Florida orange farmers are suffering devastating supply and labor issues. The state’s orange production is projected to hit historic lows in 2023, with the U.S. Department of Agriculture predicting 18 million boxes to enter the retail market, the lowest orange supply to come out of the Sunshine State since 1937. That’s an estimated 56% drop in Florida’s orange exports year-over-year, while peak orange production sits at 244 million boxes.
A crop freeze, Hurricane Ian and citrus greening disease; these three elements have forced many Florida growers to downsize operations or close their doors altogether. With less labor and producers creating a lower supply of oranges, the fruit’s retail price has surged. A spokesperson for the USDA stated last week that the crop in Florida this year is smaller than California for the first time in decades, due to the weather conditions and hurricanes.
At one point, Florida produced 90% of all domestic orange juice, but that number now floats closer to 50% as farms from Mexico and Brazil step in to help.
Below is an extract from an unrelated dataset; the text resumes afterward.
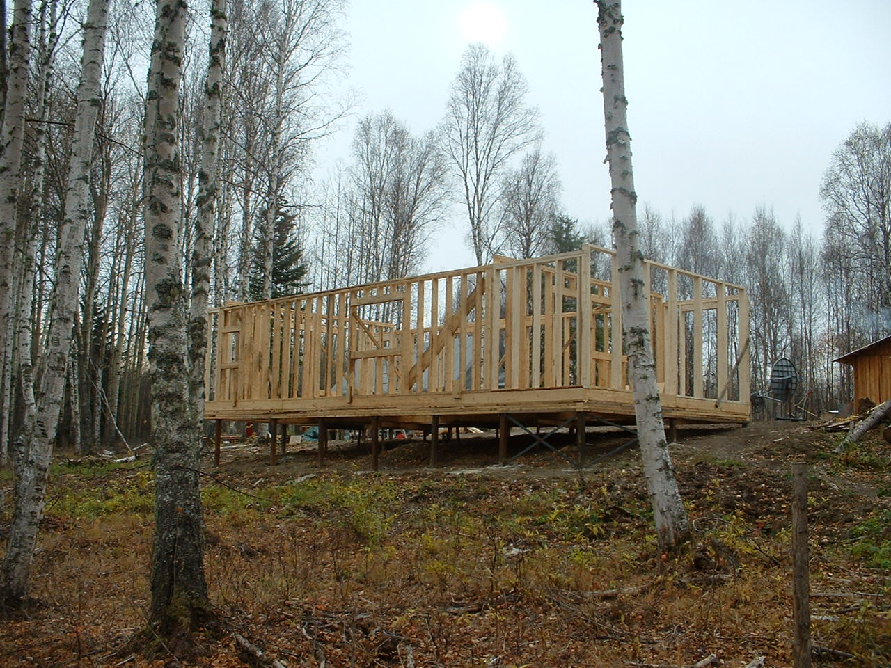 Derweil zeichnet Gereon die schwierigen Bauteile auf, z.B. die Treppe. Alles aber nur sehr rudimentaer, der ganze Rest ist in seinem Kopf, hoffentlich… Nun sind aufgrund des Holzkaeferproblems in B.C. und des zusammenbrechenden Wohnungsmarktes in den USA die Holzpreise hier heftig gesunken, was fuer uns nicht schlecht ist. So wird wohl doch in absehbarer Zeit das ganze Kistchen mit Sperrholz verkleidet und erst spaeter mit huebschen Brettern versehen werden. Sperrholz geht schnell und stabilisiert, sagt der Architekt. Der heute jagen ist, mit Norwin, dem Jungjaeger. Ich hab da ja immer gemischte Gefuehle, wisst ihr ja.

And even if Florida growers manage to increase production, it's going to be some time before that produces any effects. This means that the current prices are here to stay for a while.
An upcoming report from the University of Florida’s Institute of Food and Agricultural Sciences is slated to estimate that Hurricane Ian caused more than $1 billion worth of damage to the state’s agriculture industry, including $247 million in citrus damages.